Share your dilemmas and get honest opinions from other Mumsnetters.

To cancel our holiday

237 replies

Barnumshumbug · 02/01/2019 12:36

I've name changed for this. I have a 13yr old DS who refuses to go on holidays. He doesn't like travelling at all. There's no real reason behind this. He's NT with no issues.

We have two other children both older. for the last four years we haven't had a holiday as DS refuses to go on one. We were tentatively talking about going abroad this year, as it's not really fair on the other two. They were so excited, however predictably DS had such hysterics, we've booked a hol in the UK. Since we booked, just after Christmas, DS has moaned and sulked every day and it's not until July.

I'm so at the end of my tether with it. I'm trying to understand DS and talk with him, but his only answer is he doesn't like being sat in cars for a long time. I'm also trying to balance out the needs of my other children. I'm actually getting to the stage where I'm thinking of sending DH with the older ones and I'll stay at home with DS. Or

I know in the scheme of things, this isn't a huge problem, but I've been sat in tears this morning feeling so frustrated that he's sulking again.

Can anyone suggest what they would do ?

OP posts:
ShesABelter · 02/01/2019 14:26

Im sorry but that's madness. I can't believe for four years you have allowed a child from nine years old call the shots on whether a whole family holidays or not. Because you have allowed him to have the power for so long you have essentially created a monster and he will throw his toys out the pram now you booked one.

I'd of left him with another family member if possible and gone without him. No way would a child be stopping us as a family going abroad. No way.

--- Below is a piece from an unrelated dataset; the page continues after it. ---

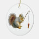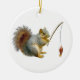 Um esquilo com um peixe do ouro em seu pólo de pesca minúsculo. Ornamento bonito para um amante ou um pescador do esquilo.
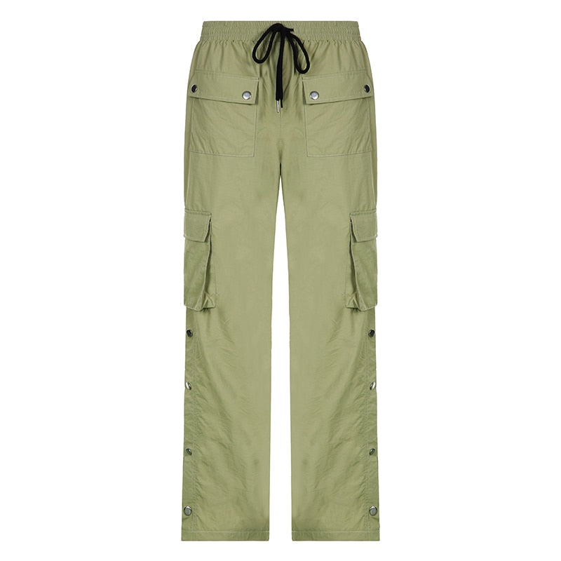 BIIKPIIK High Street Women's Cargo Pants Harajuku Mid Waist Drawstring Buttons Pockets Straight Trousers Female Punk Solid Pant

needsleepzzz · 02/01/2019 14:26

Leave him with a grandparent/aunt/uncle. The other kids shouldn't miss out

greenpop21 · 02/01/2019 14:28

NT?

Dogsmellssobadbob · 02/01/2019 14:28

Don’t be ridiculous
Book to go abroad
Tell him to suck it up and don’t engage anymore

He does it because you have always let him dictate
Your poor other kids

LIZS · 02/01/2019 14:28

So you booked according to his wants and it still is not enough. Is this the only area of life limited by his opinions? If he says jump , do you respond how high for fear of upsetting him! Definitely arrange something for the older ones to enjoy, even if a short break, and give him the choice to stay at home (with gps or one parent) . This is not a situation which has occurred overnight and it should not be allowed to control your family life to such an extent.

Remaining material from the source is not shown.